To detect these changes, you’ll be using and creating specific image filters that look at groups of pixels and detect big changes in intensity in an image. These filters produce an output that shows these edges.

So, let’s take a closer look at these filters and see when they’re useful in processing images and identifying traits of interest.

### Frequency in images
We have an intuition of what frequency means when it comes to sound. High-frequency is a high pitched noise, like a bird chirp or violin. And low frequency sounds are low pitch, like a deep voice or a bass drum. For sound, frequency actually refers to how fast a sound wave is oscillating; oscillations are usually measured in cycles/s ([Hz](https://en.wikipedia.org/wiki/Hertz)), and high pitches and made by high-frequency waves. Examples of low and high-frequency sound waves are pictured below. On the y-axis is amplitude, which is a measure of sound pressure that corresponds to the perceived loudness of a sound and on the x-axis is time.

### High and low frequency
Similarly, frequency in images is a rate of change. But, what does it means for an image to change? Well, images change in space, and a high frequency image is one where the intensity changes a lot. And the level of brightness changes quickly from one pixel to the next. A low frequency image may be one that is relatively uniform in brightness or changes very slowly. This is easiest to see in an example.

Most images have both high-frequency and low-frequency components. In the image above, on the scarf and striped shirt, we have a high-frequency image pattern; this part changes very rapidly from one brightness to another. Higher up in this same image, we see parts of the sky and background that change very gradually, which is considered a smooth, low-frequency pattern.

__High-frequency components also correspond to the edges of objects in images__, which can help us classify those objects.

### Fourier Transform
The Fourier Transform (FT) is an important image processing tool which is used to decompose an image into its frequency components.
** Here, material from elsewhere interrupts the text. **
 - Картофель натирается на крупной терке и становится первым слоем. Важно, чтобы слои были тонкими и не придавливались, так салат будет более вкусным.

The output of an FT represents the image in the frequency domain, while the input image is the spatial domain (x, y) equivalent. In the frequency domain image, each point represents a particular frequency contained in the spatial domain image. So, for images with a lot of high-frequency components (edges, corners, and stripes), there will be a number of points in the frequency domain at high frequency values.
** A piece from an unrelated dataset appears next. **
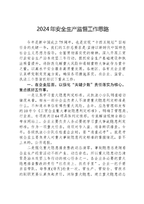 2024年安全生产监督工作思路今年是新中国成立75周年,也是实现十四五规划目标任务的关键一年,我们的工作总要求是:坚持以新时代中国特色社会主义思想为指导,全面贯彻落实党的精神,深入开展工贸行业安全生产治本攻坚三年行动,狠抓安全生产基础建设和执法质量提升,将防范化解重大风险和遏制重特大事故作为重中之重,以高水平安全服务高质量发展。各地区、各有关企业要认真研究制定实施方案,确保各项措施落实。在企业、监管、执法三个层面抓好以下重点工作:一、在企业层面,以强化关键少数责任落实为核心,重点抓好五件事。一是认真学习重大隐患判定标准。从执法小分队明查暗访情况来看,相当一部分企业负责人不清楚重大隐患判定标准是什么,不知道本单位有哪些重大风险。去年,应急管理部发布的10号令《工贸企业重大事故隐患判定标准》,明确了管理类、行业类、专项类共计64项具体判定情形,专家解读视频全都公布在网站上。企业主要负责人务必要把学习重大事故隐患判定标准,作为一项重大任务,逐项对号入座、逐条辨识排查。今年,各级执法小分队在检查企业时,要逢查必考,就是考核企业主要负责人对重大事故隐患判定标准的掌握情况,答不上来的,公开通报。二是强化重大隐患排查整改动态清零。事故隐患总是随着企业生产经营活动不断产生、动态存在,所以重大隐患动态清零是治本攻坚三年行动的核心任务之一。各企业务必要把重大隐患排查整改的责任扛在肩上、抓在手里,企业一把手要亲自带队,每季度(每月)检查一次,管生产、管安全、管技术的副职更要认真负起责任,消除重大隐患,建立重大隐患动态清零的常态化机制。要切记企业不消灭隐患,隐患将消灭企业,要认识到消除隐患就是提升企业人、机、环、管四个要素的质量,就是高水平安全和高质量发展的良性互动,相得益彰。如果企业不主动排查整改隐患,走过场、走形式,与监管部门躲猫猫,导致重大隐患长期存在,被执法检查发现就要一案双罚,涉及危险作业罪的,依法追究刑事责任。按照治本攻坚三年行动要求,2026年要形成重大隐患清零的常态化机制,我们工贸行业特别是钢铁、铝加工、粉尘涉爆企业要带头,今年年底前就要完成目标。三是抓好安全培训和逃生演练。要将本行业领域重大事故隐患排查整治要求作为培训的重点内容,按规定保障经费,组织员工进行教育培训,严格落实持证上岗和培训合格后上岗要求。工贸企业每年至少开展1次,金属冶炼、劳动密集型及厂中厂等类型企业至少每半年开展1次疏散逃生演练,让企业每一名员工都具备基本的应急常识和疏散逃生避险技能。四是发动企业员工报告隐患。发动群众、依靠群众是我们党的制度优势和优良传统,当前不少企业通过物质和精神奖励方式,激发广大员工主动排查问题隐患,有的企业主要负责人亲自给员工颁奖,取得了不错成效。XX、XX、XX等地已有机制办法,各企业主要负责人要积极借鉴这些经验做法,建立员工报告隐患内部奖励制度,鼓励员工发现隐患、反映问题,共同消除事故风险,建立起安全生产的人民防线五是提升企业本质安全水平。要依法落实建设项目安全设施三同时要求,新改扩建金属冶炼建设项目,主动向属地应急部门报备,依法履行三同时审查手续。要大力推广先进技术应用,淘汰落后的工艺技术设备,钢铁企业要加快推广煤气区域机器人巡检,铝加工(深井铸造)企业要禁止新改扩建项目使用固定式熔炼炉,粉尘涉爆企业采取自动打磨抛光、湿法除尘等减人降尘措施,要通过采用本质安全型工艺设备,加强风险监测预警系统建设应用,降低高危场所现场作业风险。各企业要积极参与标准化达标创建,提高企业基础管理水平。二、在工贸行业监管层面,要以开展治本攻坚为核心提高监管穿透力,重点抓好五件事。一是聚焦三高风险实施精准整治。工贸行业量大面广、风险因素复杂,我们的监管力量又十分薄弱,各地区一定要把遏制重特大事故作为重中之重,结合本地区实际情况,突出金属冶炼、粉尘涉爆、涉氨涉氯等高风险领域,高温熔融金属、煤气、喷涂等高风险场所,有限空间、筒仓清库、检维修等高风险作业,明确重点整治任务,突出重点企业,聚焦检查重点,在精准排查整治上持续发力,坚持小切口、抓关键,不搞大而全,避免眉毛胡子一把抓。二是大力推进安全生产标准化管理体系建设。今年应急部将进一步优化安全生产标准化定级制度,我们也要加大力度推进二、三级企业创建,严格创建评审、抽查、撤销全流程管控,实施重大事故隐患一票否决。对标准化达标企业落实减少安全执法检查频次、工伤保险和安责险费率下浮、信贷信用等级上浮等激励政策,增强企业安全管理的内生动力。三是着力抓好重点地区帮扶指导。今年应急部将选取15个左右重点县继续开展有限空间作业专家指导服务,大力宣贯《工贸企业有限空间作业安全规定》,落实有限空间作业监护人负责制。将选取钢铁铝加工、粉尘涉爆企业集中的若干重点地区,组织执

Take a look at how FT's are done with OpenCV, [here](https://docs.opencv.org/3.0-beta/doc/py_tutorials/py_imgproc/py_transforms/py_fourier_transform/py_fourier_transform.html)

### Edge Handling
Kernel convolution relies on centering a pixel and looking at it's surrounding neighbors. So, what do you do if there are no surrounding pixels like on an image corner or edge? Well, there are a number of ways to process the edges, which are listed below. It’s most common to use padding, cropping, or extension. In extension, the border pixels of an image are copied and extended far enough to result in a filtered image of the same size as the original image.

__Extend__ The nearest border pixels are conceptually extended as far as necessary to provide values for the convolution. Corner pixels are extended in 90° wedges. Other edge pixels are extended in lines.

__Padding__ The image is padded with a border of 0's, black pixels.

__Crop__ Any pixel in the output image which would require values from beyond the edge is skipped. This method can result in the output image being slightly smaller, with the edges having been cropped.